> **Collected data**
....

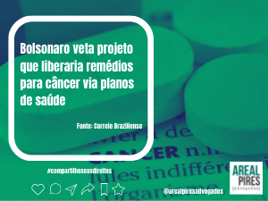 O presidente Jair Bolsonaro vetou nesta segunda-feira, 26, o projeto de lei que abriria espaço para a incorporação por planos privados de saúde de 23 novos medicamentos orais para pacientes diagnosticados com câncer. Aprovada pelo Congresso no início deste mês, a proposta era defendida por entidades médicas, que viam mais conforto e opções para quem estivesse em tratamento. Enfrentava, no entanto, resistência de operadoras de saúde.
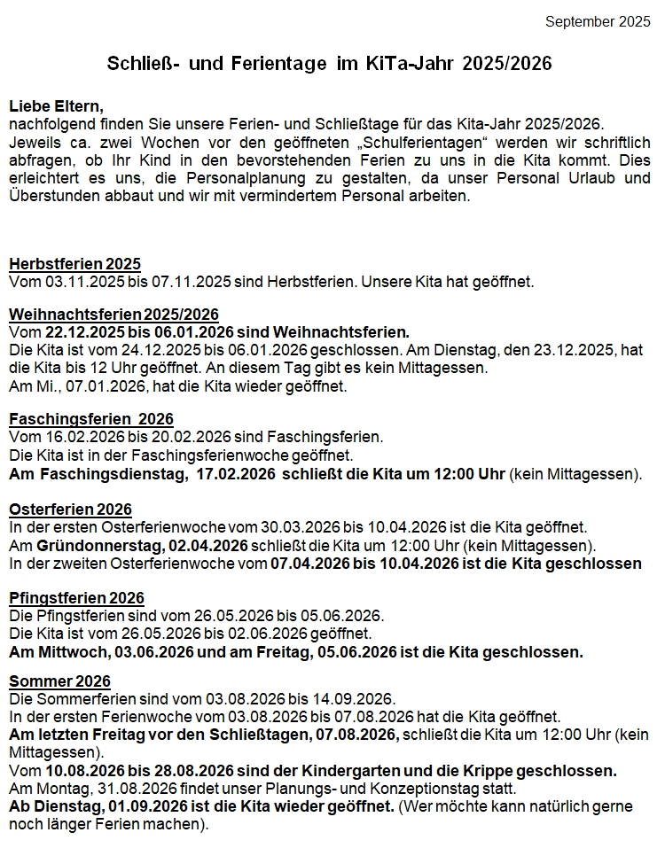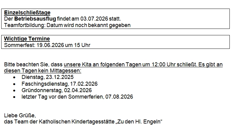 Terminübersicht Kindertagesstätte "Zu den Hl. Engeln"
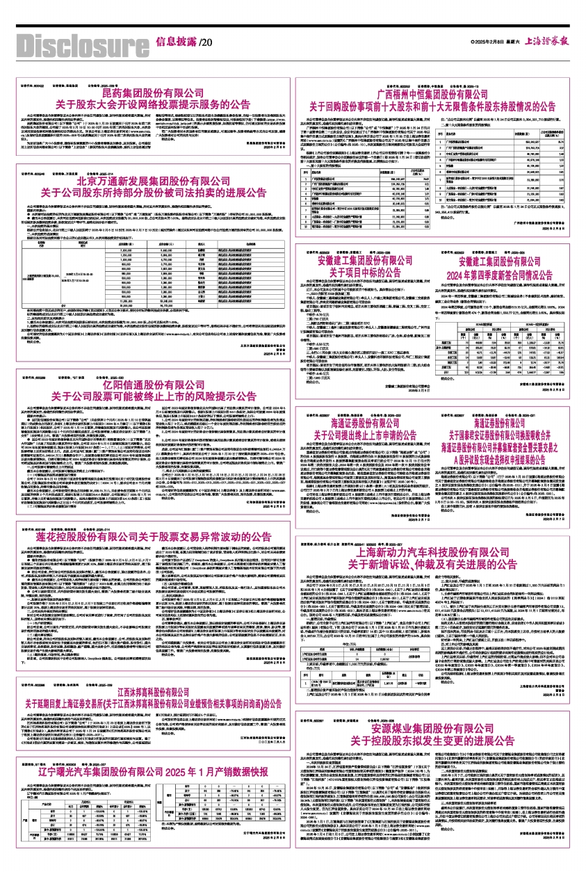 辽宁曙光汽车集团股份有限公司2025年1月产销数据快报

....

> **Required work**
Set down the material above exactly as it reads, but not its pictures.

> **Result of the task**
 O presidente Jair Bolsonaro vetou nesta segunda-feira, 26, o projeto de lei que abriria espaço para a incorporação por planos privados de saúde de 23 novos medicamentos orais para pacientes diagnosticados com câncer. Aprovada pelo Congresso no início deste mês, a proposta era defendida por entidades médicas, que viam mais conforto e opções para quem estivesse em tratamento. Enfrentava, no entanto, resistência de operadoras de saúde.
 Terminübersicht Kindertagesstätte "Zu den Hl. Engeln"
 辽宁曙光汽车集团股份有限公司2025年1月产销数据快报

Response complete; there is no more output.